Thursday, February 05, 2009

Musings of the MALE kind...

Yesterday while browsing the ususal blogs I stumbled upon a new blog which encompasses me. It something we can idenitfy with at least me...lol, The name of the blog is "MALE"
http://www.masculinegender.blogspot.com/ Check it out, I'll be contributing from time to time.

My first entry is below:

I’ve acquired the “simple approach” in life as a stabilizing component to ease the troubles and stresses of today. Why? So many of my experiences occurred because “I” made it complicated. I’ve taken ownership even if the fault belonged elsewhere. Knowledge and the ability to decipher that which is ever present but elusive is key to understanding “me” as — MALE. Existing through time and memorial profound thoughts on the nature of the male centered on the ingredient of color. Maleness is relative but experiences and genetics have dictated our varied destinies to discovery.
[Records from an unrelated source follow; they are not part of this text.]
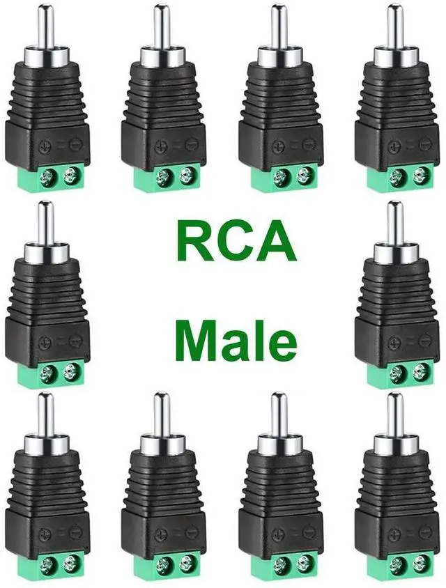 10pcs Phono RCA Male Plug To AV Screw Terminal Plug Audio/Video Speaker Wire Solderless Adapter Connector CCTV Video AV Balun
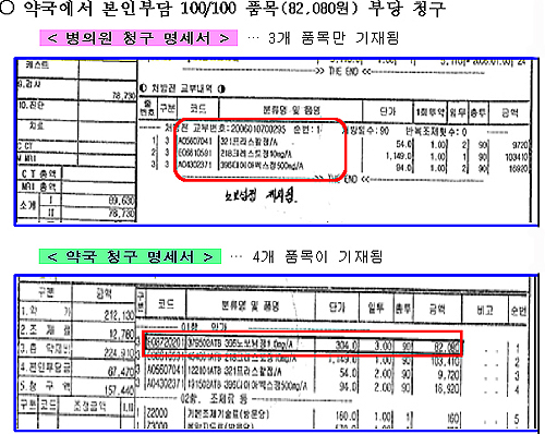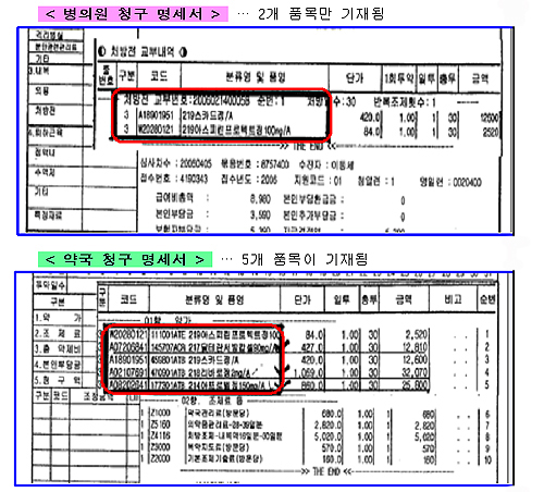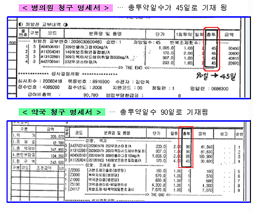 유형별로는 A의료기관은 실제 총투약일수가 90일임에도 불구하고 청구명세서 상에는 45일로 기재해 약제비 9만1510원을 축소청구한 사실이 확인됐다.
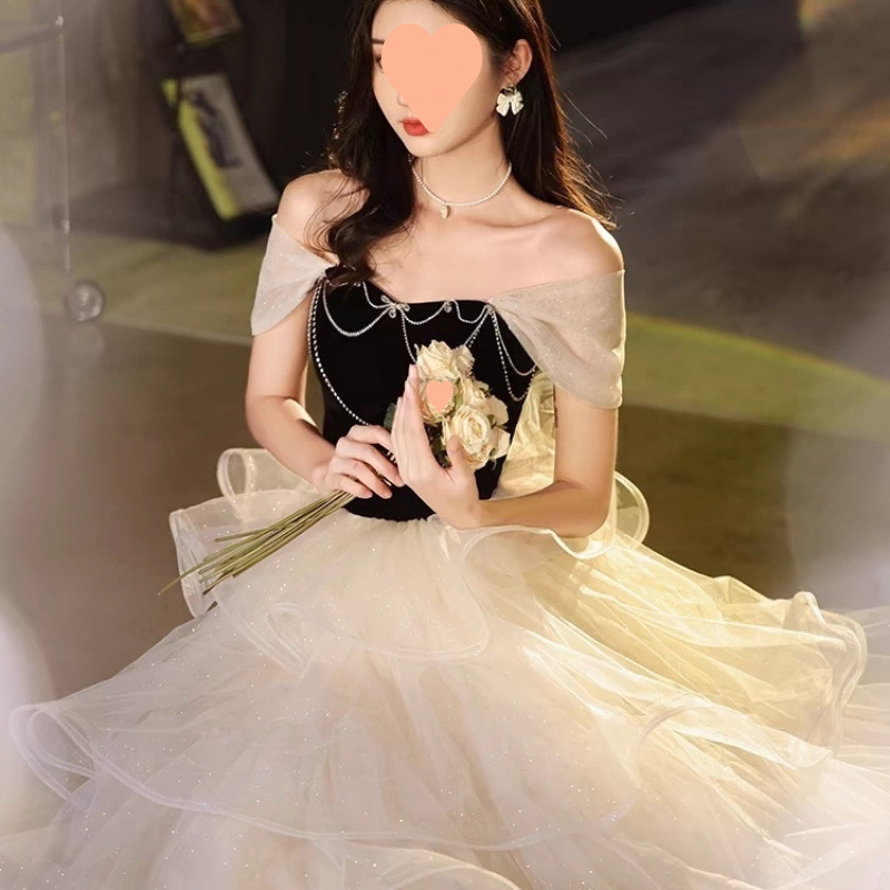 女性用フレンチイブニングドレス、ハイエンドセレブの誕生日、ハイエンドライトラグジュアリーニッチ、ワンショルダー、スーパーフェアリー卒業大人芸術試験

The culture I was born and breed abhorred homosexuality but as maturity set in society informed otherwise. No family no matter how small was exempted. In the beginning being around other kids I was teased for being dark skinned-- forget this politically correct shit – BLACK. The “in color” wasn’t black but the complexion – Carmel. I’m not charcoal black but a smooth black and during my thirties a shift and/or new perception occurred and my color was and still is the “it” thing. This notion from my peers created a serious complex within riddled with name calling and self esteemed issues. I was young and precocious yet still blind. Back then, I possessed an outgoing personality which was a mask for insecurities and mental turmoil. I learnt from then that to be noticed I had to achieve and still yet I wasn’t comfortable with myself but I am still – MALE.

We played doctor, even cowboys and Indians and the feelings of flesh excited me then more so boys than girls. Discovery of self was hidden in my maleness. Imagine this:

Excerpt from memoir:

My eldest brother and me always had summer junkets at Cousin Mae on NW 70ST in Liberty City, Miami. Nine or ten years old or thereabout in the late seventies, still very much a thumb sucking grandma’s boy sleeping in a bunk bed with two of my older cousins, who by the way were big high school football players at Northwestern Senior High. One flashback that clearly stuck with me through the years, is of the time late one night when everyone was sleeping, I realized that Michel, my seventeen year old cousin replace my thumb sucking finger with his penis and told me to suck on this. I heard these small moans being elicited but did not know where they came from. Something came spilling out in my mouth and soon afterwards he removed his penis and put my thumb back in my mouth as if it was perfectly normal. It was a shared secret, a bad shameful secret but being naïve and scared led to confusion and misplaced memory for years until my energies was put into writing. Did I know I was physically abused – No but I am still MALE.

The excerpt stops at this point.